Ku namowom Dziadka, a i po części małego zapasu czasowego decydujemy uderzyć kolejką koszykową na wysokość 2633 m.n.p.m. pod schronisko Rifugio Pian dei Fiaconi kosztem 9 Euro w obydwie strony. Tam mając przed sobą szczyt idziemy ścieżką prosto do góry bez mapy i wcześniejszego ogarnięcia tego tematu. Już po 5 minutach spotykamy ogarniętą rodzinę Polaków, którzy dokładnie penetrowali tereny Dolomitów. Dowiadujemy się, że istnieje piękniejsza droga, która wiedzie kamieniami na zachód, a potem odbija na południe i rozpoczyna się piękną via ferratą. Polacy niestety nie kierowali się tą trasą, gdyż odradził im to miejscowy przewodnik ze względu na zaśnieżenie niektórych odcinków. Nie bezpodstawne to były uwagi, gdyż rzeczywiście w kilku miejscach ferrata była przysypana śniegiem i trzeba było kotwiczyć ręce w śniegu, co uratowało mnie raz przed osunięciem się w przepaść :). W ten sposób młodzi kozacy, niezrażeni skierowaliśmy się szlakiem 606 ku tej rzekomo jednej z ciekawszych dróg żelaznych. Po pokonaniu nietrudnego jęzora lodowcowego tylko za pomocą czekana dochodzimy do skałek, gdzie zaczyna się przygoda i ekspozycja. Do samej góry ciśniemy w podniecie drabinkami i eksponowaną granią pod sam wierzchołek, który wita nas schroniskiem, ludźmi i krzyżem. Punta Penia, najwyższy szczyt Dolomitów zdobyty!

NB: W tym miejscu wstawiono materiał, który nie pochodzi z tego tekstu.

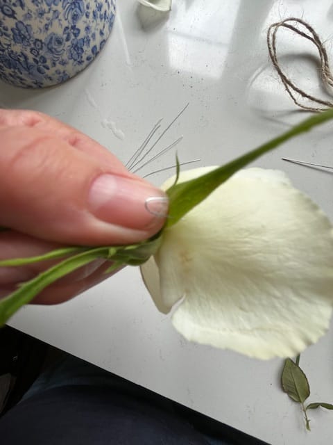 Cut some thin floristry wire into lengths of no more than 1". These will be used to position the sepals of the flowers to prevent the rose from opening further.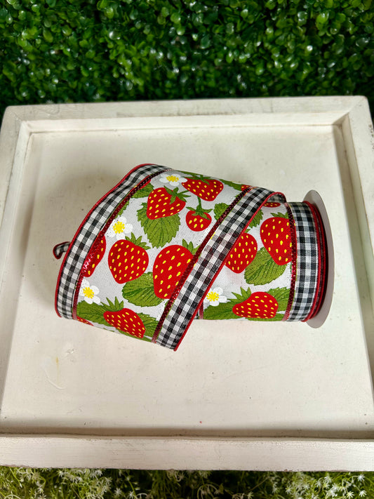 4 Inch By 10 Yard Strawberry Check Ribbon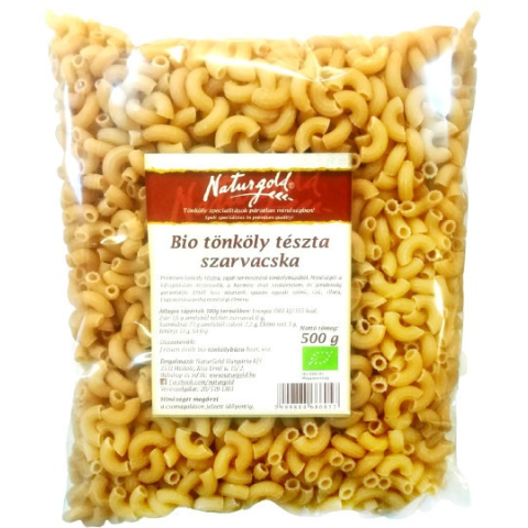 Bio tönköly tészta szarvacska Bio tönköly tészta szarvacska 500g Bio tönköly szarvacska tészta A szarvacska tészta rövid, hajlított csőtésztaféle. Főként köretként fogyasztjuk szószos húsok, raguk mellé, de paradicsomos, tejszínes feltéttel, vagy akár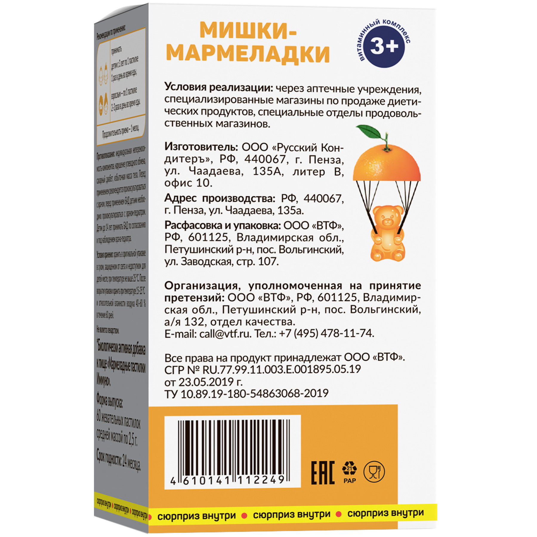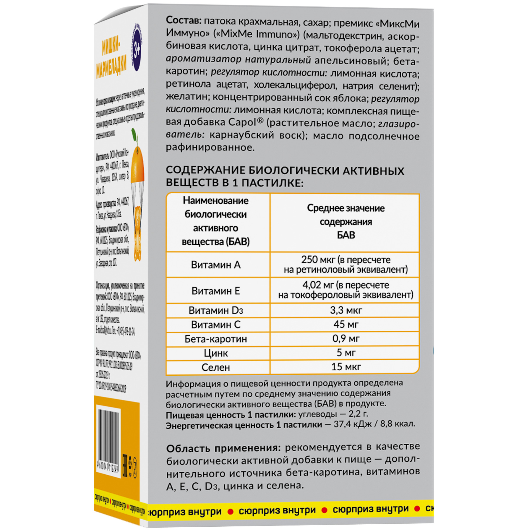 Вспомогательные вещества: патока крахмальная, сахар; премикс «МиксМи Иммуно» («MixMe Immuno») (мальтодекстрин, ароматизатор натуральный апельсиновый; регулятор кислотности: лимонная кислота; натрия селенит); желатин; концентрированный сок яблока; регулятор кислотности: лимонная кислота; комплексная пищевая добавка Capol® (растительное масло; глазирователь: карнаубский воск); масло подсолнечное рафинированное.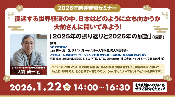 講師:大前 研一氏(ビデオ講演)、丹羽 亮介氏(㈱マインドシーズSG代表)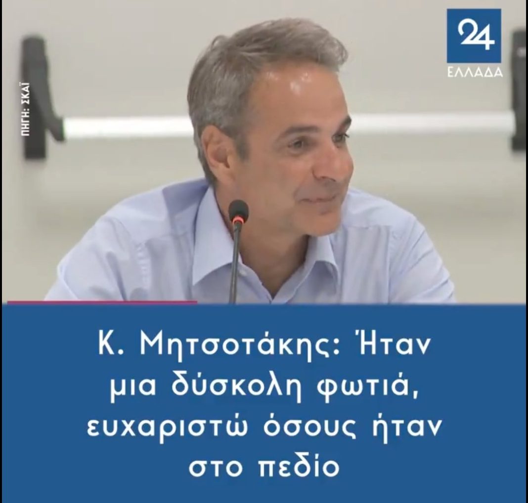 Η φωτογραφία είναι από την χθεσινή τοποθέτηση του Κυριάκου Μητσοτάκη στη διυπουργική σύσκεψη που συγκάλεσε χθες στο Δημοτικό Κατάστημα Πεντέλης, παρουσία του Περιφερειάρχη Αττικής Νίκου Χαρδαλιά και των δημάρχων της πυρόπληκτης περιοχής.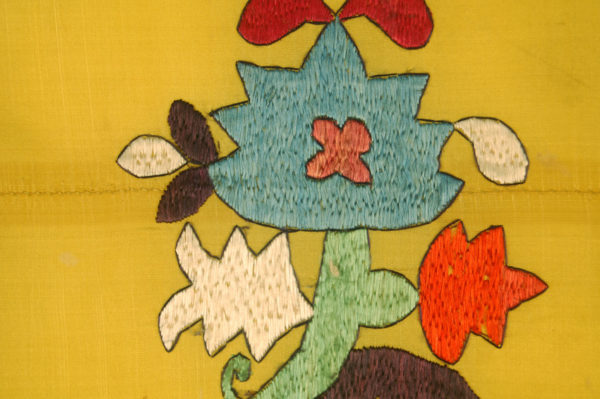 Urban embroideries of Morocco are easily categorized as each metropolis produced very distinct embroideries in both design and stitchwort. Tetouan, a large city on the Mediterranean coast , produced embroideries done in long satin stitch with designs that are free hand drawn and feature flowers with serrated edges. A wall hanging like this would be hung during wedding ceremony or other festivities.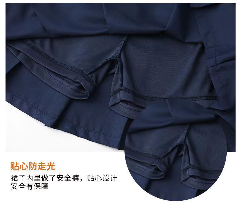 • 빨간색과 흰색 줄무늬 아이스 실크 스커트, 네이비 블루 - 노출 방지 안감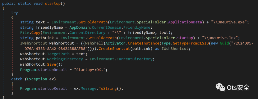 %APPDATA%\Microsoft\Windows\Start Menu\Programs\Startup\OneDrive.lnk(一种实现持久性但很容易检测到的方法)。

Ze szczytu schodzimy drogą, którą wspinali się Polacy. W gwoli ścisłości spotkaliśmy się z nimi na szczycie gdzie zaoferowaliśmy sobie grupowe zdjęcie :). Początkowo droga idzie lodowcem, a następnie zaczyna się skałkowe zejście via ferrata. Po niewielkim tym razem odcinku znów trafiamy na szeroki jęzor lodu, który prowadzi nas pod sam wyciąg koszykowy. Drużyna Paździochów wybiła do przodu, ja natomiast podchodzę jeszcze trochę schodkami by obejrzeć pobliski bunkier z I WŚ, rozmawiam z Niemcem co do topografii terenu i zjeżdżam w dół około godziny 16. Zafascynowany górami kupuje mapę Dolomitów i myślę powoli, by tu w przyszłości wrócić :). Na campingu oczywiście jedzonko i obowiązkowe mycie, tylko gdzie? Podchodzę pod pierwszy obiekt i schodzę do głęboko wciętego potoku, który niesie ze sobą wodę prosto z topniejacego lodowca, czyli o temperaturze około 0°C. Po szybkim myciu, świeży i umyty wracam na camping i zbieramy się do dalszej trasy. Po godzinie pakowania znów do Dodga. Kierujemy się przez Milan północną autostradą Włoch notując około godziny 23 29°C na zewnątrz. Masakra, jak tu ludzie dają radę!